以代表产品在MySQL v5.6.41分贝虚模式:
------------------------------------------------
| id | name | vendor_id | vendor_sku | upc | ean |
|----|------|-----------|------------|-----|-----|
| 1 | AAAA | 2 | 5678 | 456 | 111 | [1]
| 2 | aaaa | 2 | 7878 | 789 | 222 | [1]
| 3 | bbbb | 2 | 1234 | 111 | 333 | [2]
| 4 | cccc | 2 | 1234 | 222 | 444 | [2]
| 5 | dddd | 2 | 1111 | 123 | 555 | [3]
| 6 | eeee | 2 | 2222 | 123 | 666 | [3]
| 7 | ffff | 2 | 3333 | 333 | 777 | [4]
| 8 | gggg | 2 | 4444 | 444 | 777 | [4]
| 9 | hhhh | 2 | 5555 | 555 | 888 |
| 10 | iiii | 2 | 6666 | 666 | 999 |
| 11 | jjjj | 2 | 7777 | 777 | 000 |
| 12 | kkkk | 2 | 8888 | 888 | 001 |
| 13 | llll | 2 | 9999 | 999 | 002 |
| 14 | mmmm | 2 | 0000 | 000 | 003 |
------------------------------------------------
我试图找到匹配的下列条件之一是重复的行数:
vendor_id和同vendor_sku ORvendor_id和同name(不区分大小写)或vendor_id和同upc ORvendor_id和同ean(相邻的行中的符号[n]将对应于这些行是哪个条件上一式两份)
我收集了此查询,到目前为止,但这只会匹配条件#1:
SELECT
count(*)
FROM
my_table
GROUP BY
vendor_id, vendor_sku
HAVING
COUNT(*) > 1
而我预期的结果将基于这个例子8
我想exists可能的工作:
select count(*)
from my_table t
where exists (select 1
from my_table t2
where t2.vendor_id = t.vendor_id and
t2.id <> t.id and
(t2.vendor_sku = t.vendor_sku or
t2.name = t.name or
t2.upc = t.upc or
t2.ean = t.ean
)
);
需要注意的是区分大小写取决于你的排序规则。我还没有明确的处理增加了的情况下(我只想用lower()),因为它是不明确的,这样的处理是必要的。

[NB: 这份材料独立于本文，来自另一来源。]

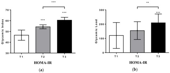 (a) Description of GI according to tertiles of HOMA-IR. (b) Description of GL according to tertiles of HOMA-IR. Significance is considered ** p < 0.01, *** p < 0.001.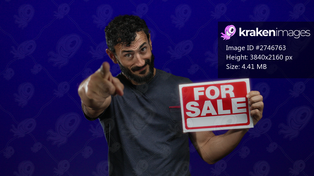 Hispanic man with beard holding a for sale sign against a blue background, pointing confidently with a smile, showcasing an engaging sales pitch concept. - Kraken Images

我仍然认为有可能的选择要做到这一点,而不使用相关子查询。当我能够摆脱掉相关子查询的执行计划通常变得更好。
所以:
SELECT
COUNT(DISTINCT t1.id)
FROM
my_table AS t1
INNER JOIN my_table AS t2 ON (
t1.vendor_id = t2.vendor_id
AND t1.id != t2.id
AND (
t1.vendor_sku = t2.vendor_sku
OR t1.name = t2.name
OR t1.upc = t2.upc
OR t1.ean = t2.ean
)
)
要么:
SELECT
COUNT(DISTINCT t1.id)
FROM
my_table AS t1
LEFT JOIN my_table AS t2 ON (
t1.vendor_id = t2.vendor_id
AND t1.id != t2.id
AND (
t1.vendor_sku = t2.vendor_sku
OR t1.name = t2.name
OR t1.upc = t2.upc
OR t1.ean = t2.ean
)
)
WHERE
t2.id IS NOT NULL
附:在错误指出当,所以我用德尔标签,而不是删除答案(对不起,那个)的我没有时间来解决我以前的答案。后来我想解决这个问题,但答案被删除,版主。